An intern deployed our Discourse site on DigitalOcean with OpenAI using an API endpoint connected to the Discourse AI plugin. The site is working great. The intern suggested that they look at HuggingFace TGI. I’m trying to provide guidance to the intern to see if they are on the correct track with regards to HuggingFace. I believe that they are suggesting self-hosted HuggingFace TGI to reduce costs. However, when I look at the GPU costs of hosting, it seems expensive.
I could ask the intern to propose specific services and costs, but I’m trying to help with strategic guidance. The alternative is for the intern to continue to test OpenAI, Anthropic, Gemini.
Is there any advice on what I should assign the intern?
The basic idea is to implement Discourse AI on a production deployment of Discourse and then ask the customer (the one funding the community) to pay some additional service fee to maintain the AI and promote the new features.

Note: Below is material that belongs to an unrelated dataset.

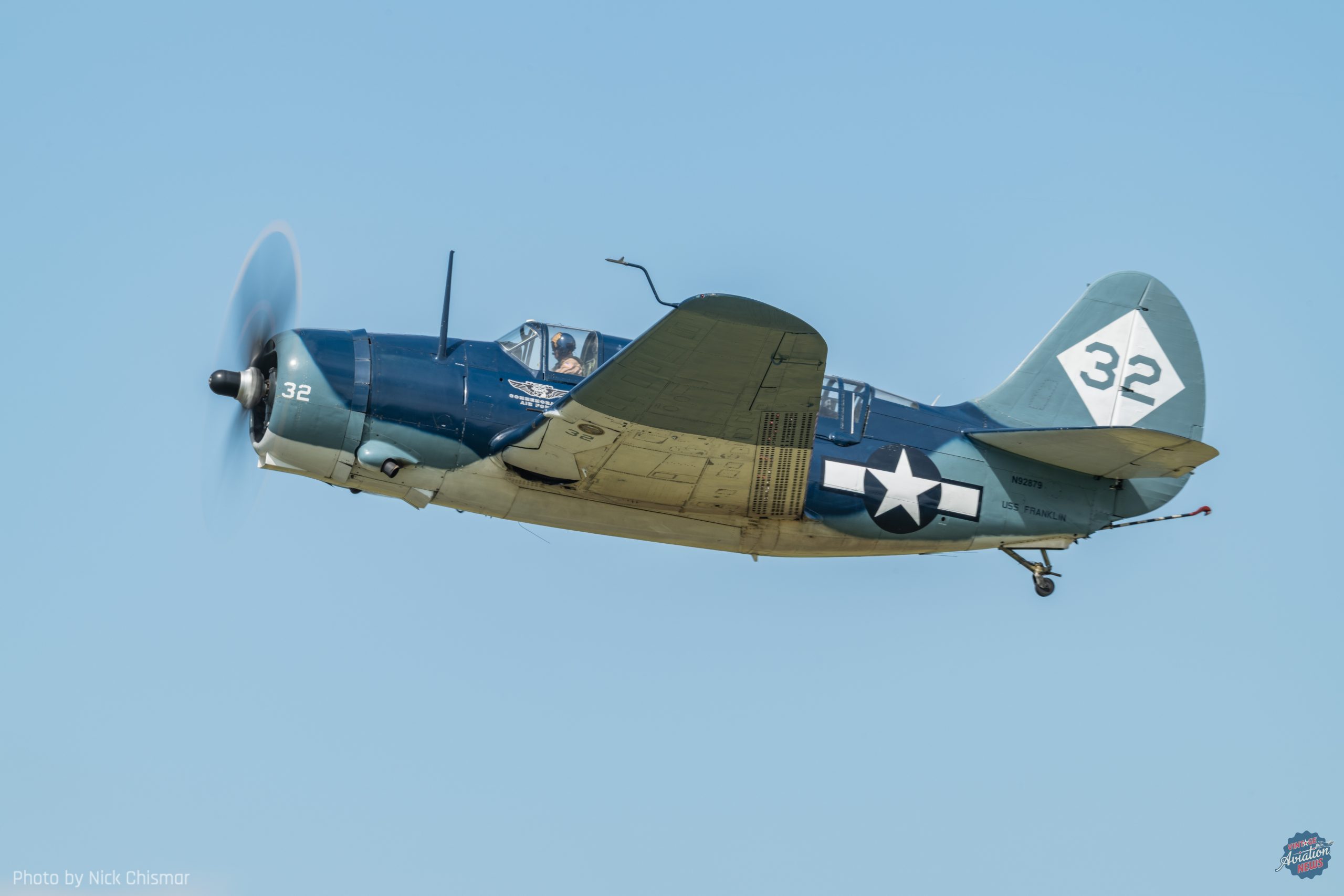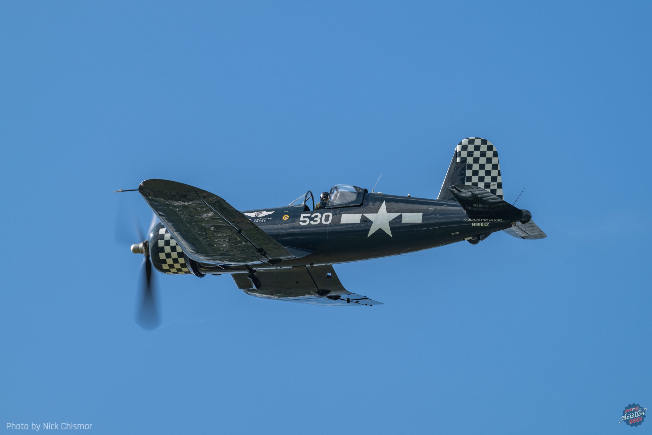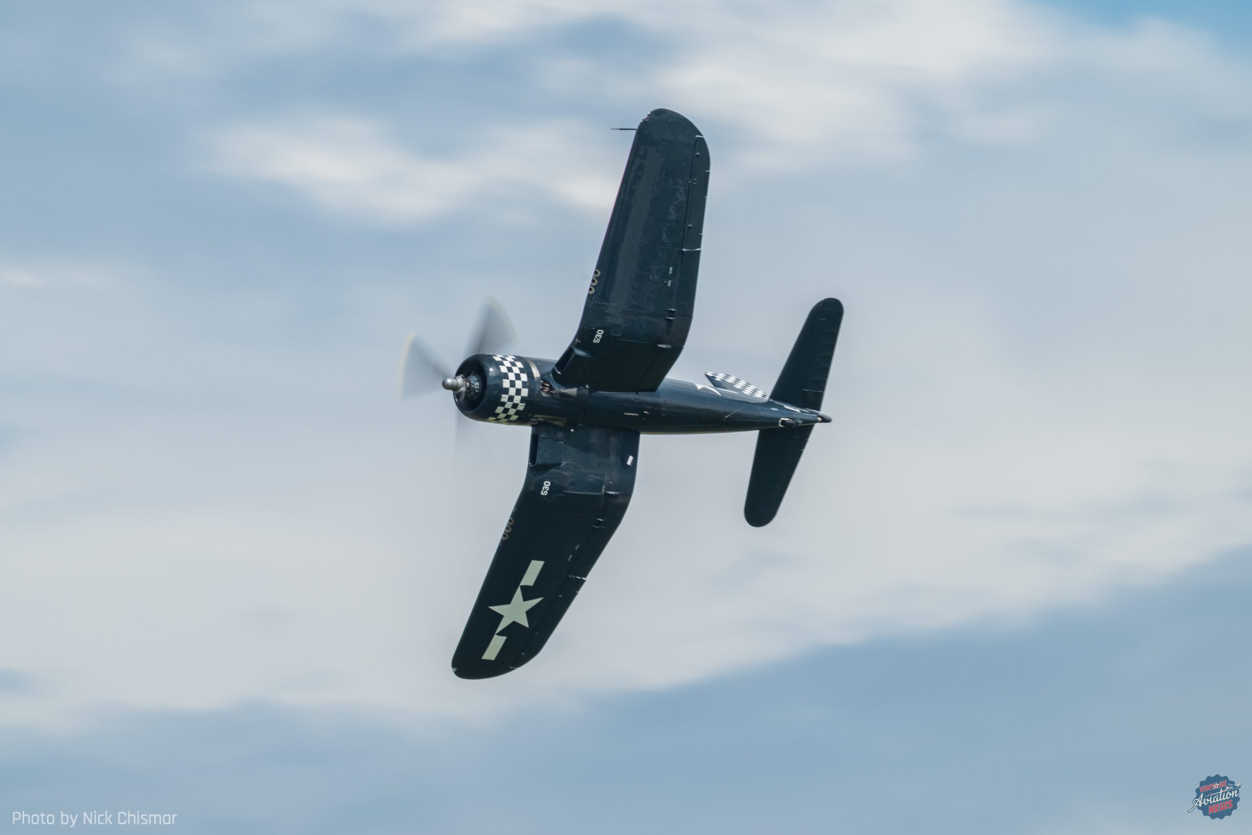 The Skyraider, Zero (a modified T-6), Wildcat, Helldiver, and Corsair launched and made sweeping passes over the airfield. After a few rounds, the Corsair broke formation and returned for a solo display. Piloted by Mark Todd, the gull-winged fighter screamed over the field with vapor trails curling off its wingtips. The iconic whistle of its supercharger echoed over the photo pit.

As far as intern assignments, I could also assign them to look at the Hugging Face Inference API. Is it cheaper than using the OpenAI API?
Is anyone using specific services from Google Cloud, AWS, Azure to host the TGI?
For example, for AWS, should they look at g4dn.xlarge or g5.xlarge
For a single instance, it will be hard to beat API pricing, as with API pricing you pay per call, whereas when running TGI, you pay per hour the server is running.
Let’s say you are running Llama 3.1 8B in a g6.xlarge; that will cost you approximately $600 a month. This could give you around 450M tokens in Anthropic Claude 3.5 Haiku.
Running your own LLM makes sense when you need either privacy or scale.
Thank you for your response. $600/month for Llama 3.1 8B in g6.xlarge would be reasonable cost, but as you graciously pointed out, the API cost would be cheaper. Thus, we’ll likely go with the OpenAI and other API costs. What are the privacy concerns?
For the purpose of experimentation with HuggingFace TGI, is there anything cheaper than $600/month that we could use for testing? For example, can the intern turn off the GPU instance when they are not working? I’m trying to figure out what to recommend to them. I am somewhat confused as to the costs for the GPU-enabled containers and I don’t want to put the burden of the cost recommendation on the intern. If they make a mistake with the purchase of a container, they may feel bad.
What I’d like to do is buy them the resources, then instruct them to test out HuggingFace TGI in the resource that I purchased for them. They can then report back on any performance or result optimization differences.